Que los dicasterios dedicados a la comunicación, al gobierno general del Estado de Vaticano, a la promoción del desarrollo humano integral, a la vida, la familia y el laicado, la promoción de los carismas religiosos o de las sociedades de vida apostólica, sean dirigidos por personas competentes, laicas o religiosas, con un carisma reconocido por la Autoridad suprema, no empaña el valor de su servicio por una carencia del poder de orden. Los carismas del Espíritu Santo tienen su propio peso de autoridad en los ámbitos en los que no es necesaria la ordenación sacramental, en los que incluso puede ser oportuno que la competencia sea de otro orden; por ejemplo, en la gestión de los recursos humanos, la administración de la justicia, el discernimiento cultural y político, la administración financiera, el diálogo ecuménico. En todos estos ámbitos, señalados a modo de ejemplo, se puede imaginar una colaboración entre clérigos, laicos y religiosas en la que la posición subordinada del ministro ordenado no sería inapropiada ni discutible.

La experiencia histórica de la Iglesia demuestra que la tradición de las grandes órdenes religiosas y de las diversas formas de vida consagrada o apostólica supone un gobierno interno del carisma, una vez que este ha sido reconocido y aprobado oficialmente por la autoridad jerárquica. Un capellán de religiosas, por ejemplo, no puede arrogarse el derecho de imponer sus opiniones a las personas encargadas de la comunidad a la que asiste. El ministerio pastoral no puede sustituir a la autoridad del carisma. Cuando el Papa nombra a una mujer para dirigir un dicasterio, no delega su jurisdicción en un sujeto cualquiera; confía a una persona reconocida como competente en un determinado nivel de experiencia eclesial, en virtud de un carisma, una responsabilidad superior que sigue estando enmarcada y garantizada por la jurisdicción global del Santo Padre sobre la Curia romana.
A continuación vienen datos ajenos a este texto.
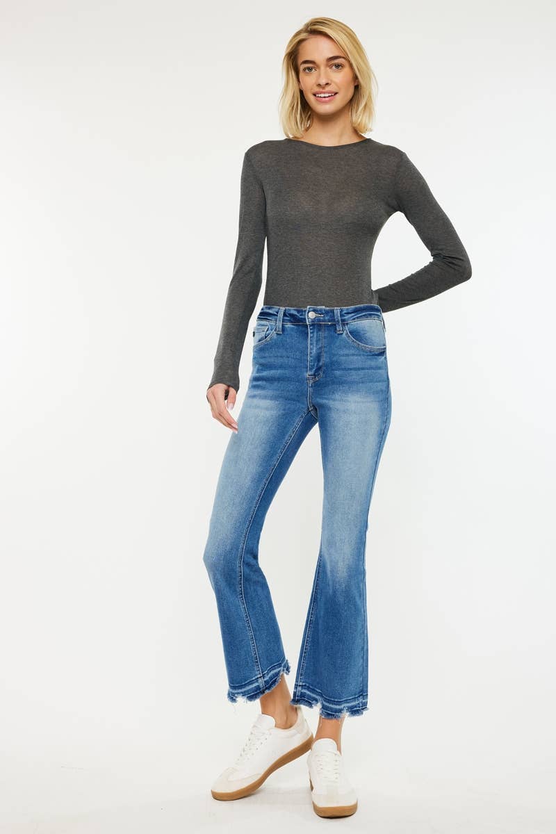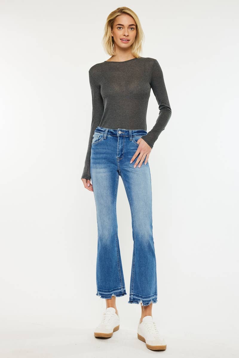 HIGH RISE CROP BOOTCUT JEANS MEDIUM WASH STRETCH RELEASED HEM 5 POCKET ZIPPER FLY RISE 10” INSEAM 27“ IN SIZE 5/26 75% COTTON, 23% TENCEL, 2% SPANDEX 13.5 OZ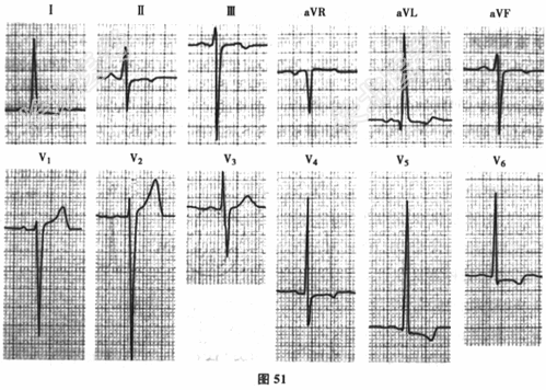 - 多项选择题2.[提示]ECG如图51所示。实验室检查:血气分析大致正常。cTnI及心肌酶正常。超声心动图: 主动脉瓣瓣叶增厚、回声增强,瓣叶收缩期开放幅度减小。主动脉瓣收缩期最大血流速度6m/s, 平均压力阶差70mmHg,瓣口面积0.7cm2, 主动脉瓣舒张期可见少至中量反流。左室、左房扩大,左室射血分数(LVEF)59%。胸部X线片: 双肺纹理粗乱。

El enfoque canónico no parece inclinado a considerar al Espíritu Santo más que como el garante global de la Institución, parece carecer de medios para discernir los signos del Espíritu, sus movimientos personales y comunitarios, los carismas particulares con los que dota a los miembros del Cuerpo de Cristo, a falta de una pneumatología a la que se ha sustituido por un cierto positivismo histórico o por un paralelismo sui generis con el derecho civil, como es el caso del código de 1983, que ignora la palabra carisma y solo habla de él en términos de patrimonio.

Es necesario reanudar el diálogo entre canonistas y teólogos a la luz de la pneumatología, para que un “derecho de la gracia” pueda florecer pacíficamente hasta la libertad de integrar a personas carismáticas, laicas o religiosas, en puestos de autoridad en la curia romana y en las administraciones diocesanas. Esto ya es así en muchos lugares, y no solo por motivos de escasez de clero.

¿Concesión provisional que hay que revisar o avance eclesiológico? No tengo ninguna duda de que el gesto del papa Francisco es prometedor para el futuro, ya que inaugura un reconocimiento de la autoridad de los carismas por parte de la autoridad jerárquica, de acuerdo con las orientaciones del Concilio, que invita a los pastores a “reconocer en ellos (los laicos) los ministerios y carismas, de modo que todos cooperen a su medida y con un mismo corazón en la obra común”. (LG 30, 33) Esto contribuirá, en particular, a restaurar la imagen de la autoridad pastoral, desacreditada por la lacra del clericalismo, el espíritu de casta, la salvaguarda de los privilegios, la ambición de ascender en la jerarquía, en definitiva, una mentalidad cerrada que concibe el servicio del gobierno en términos de poder y que es incapaz de valorar los carismas según su propio grado de autoridad.

Porque, como afirma el Concilio, es necesario que todos “abrazados a la verdad en todo crezcamos en caridad, llegándonos a Aquel que es nuestra cabeza, Cristo, de quien todo el cuerpo, trabado y unido por todos los ligamentos que lo unen y nutren para la operación propia de cada miembro, crece y se perfecciona en la caridad (Ef 4, 15-16)”. (LG 30).